(AVAILABLE DATA begins)
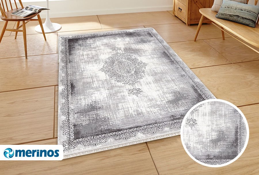 Teslimat: 1x Merinos Rodin Modern Halı | Eskitme Desenli | Gri | 19770-95-Grey
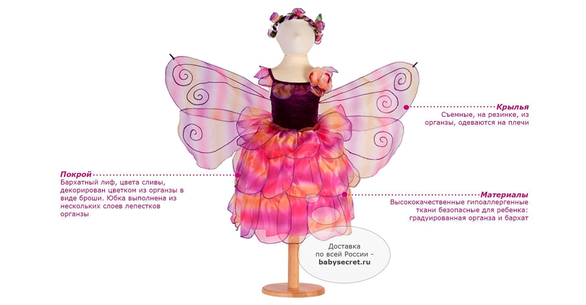 Производитель: Travis Designs (Англия) Основные характеристики: красивый карнавальный костюм для девочки бархатный лиф, цвета сливы, декорирован цветком из органзы в виде броши юбка выполнена из нескольких слоев лепестков органзы съемные крылья, на резинке, из органзы, одеваются на плечи рекомендуется машинная стирка при 40 градусах, деликатный режим Приятные особенности карнавального костюма для девочки Travis Designs Аметистовая мечта :маскарадный костюм для новогоднего или любого другого детского праздника, театрального представления, веселого карнавала. Костюм отличает качественный материал, аккуратный пошив. В чудесном костюме сразу вспоминается о лете. Костюм Аметистовая мечта для девочки идеально подойдет для костюмированного праздника. В комплекте: карнавальный костюм съемные крылышки повязка на голову Размеры 3-5 лет: рост 98-110 см обхват груди 55-59 см талия 53-56 см Размеры 6-8 лет: рост 116-128 см обхват груди 61-67 см талия 58-60 см Размеры 9-11 лет: рост 134-146 см обхват груди 67-76 см талия 61-66 см Артикул: AMD3 (3-5 лет) Артикул: AMD6 (6-8 лет) Артикул: AMD9 (9-11 лет)
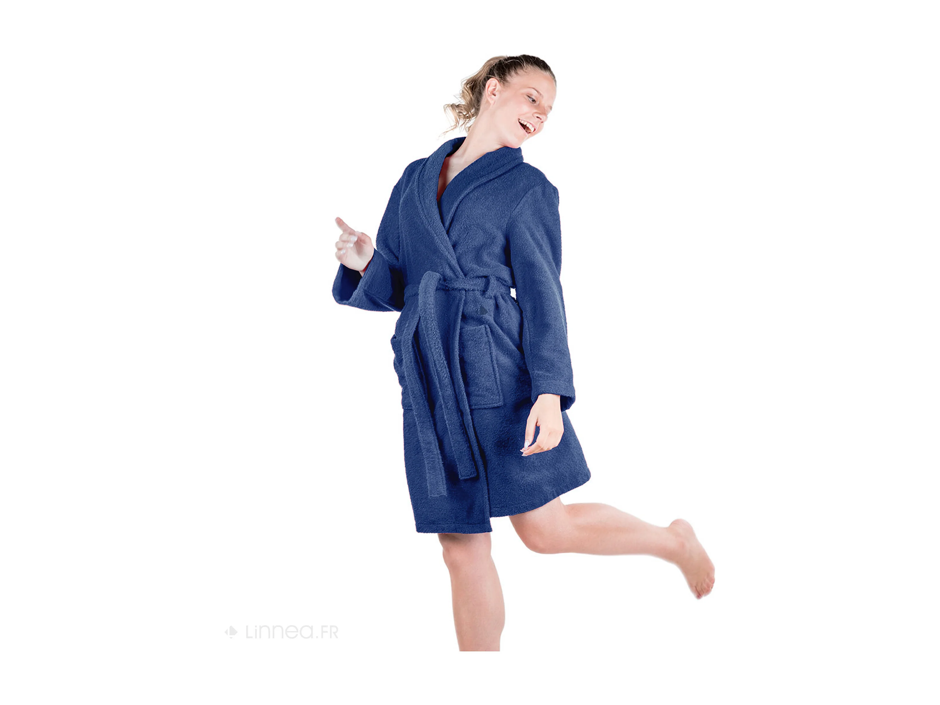 Peignoir col châle adulte ALPHA coton taille L bleu marine
(AVAILABLE DATA ends)
* EXERCISE: Send back the listing exactly as it stands. Do not include the pictures.

* TASK SOLUTION:
 Teslimat: 1x Merinos Rodin Modern Halı | Eskitme Desenli | Gri | 19770-95-Grey
 Производитель: Travis Designs (Англия) Основные характеристики: красивый карнавальный костюм для девочки бархатный лиф, цвета сливы, декорирован цветком из органзы в виде броши юбка выполнена из нескольких слоев лепестков органзы съемные крылья, на резинке, из органзы, одеваются на плечи рекомендуется машинная стирка при 40 градусах, деликатный режим Приятные особенности карнавального костюма для девочки Travis Designs Аметистовая мечта :маскарадный костюм для новогоднего или любого другого детского праздника, театрального представления, веселого карнавала. Костюм отличает качественный материал, аккуратный пошив. В чудесном костюме сразу вспоминается о лете. Костюм Аметистовая мечта для девочки идеально подойдет для костюмированного праздника. В комплекте: карнавальный костюм съемные крылышки повязка на голову Размеры 3-5 лет: рост 98-110 см обхват груди 55-59 см талия 53-56 см Размеры 6-8 лет: рост 116-128 см обхват груди 61-67 см талия 58-60 см Размеры 9-11 лет: рост 134-146 см обхват груди 67-76 см талия 61-66 см Артикул: AMD3 (3-5 лет) Артикул: AMD6 (6-8 лет) Артикул: AMD9 (9-11 лет)
 Peignoir col châle adulte ALPHA coton taille L bleu marine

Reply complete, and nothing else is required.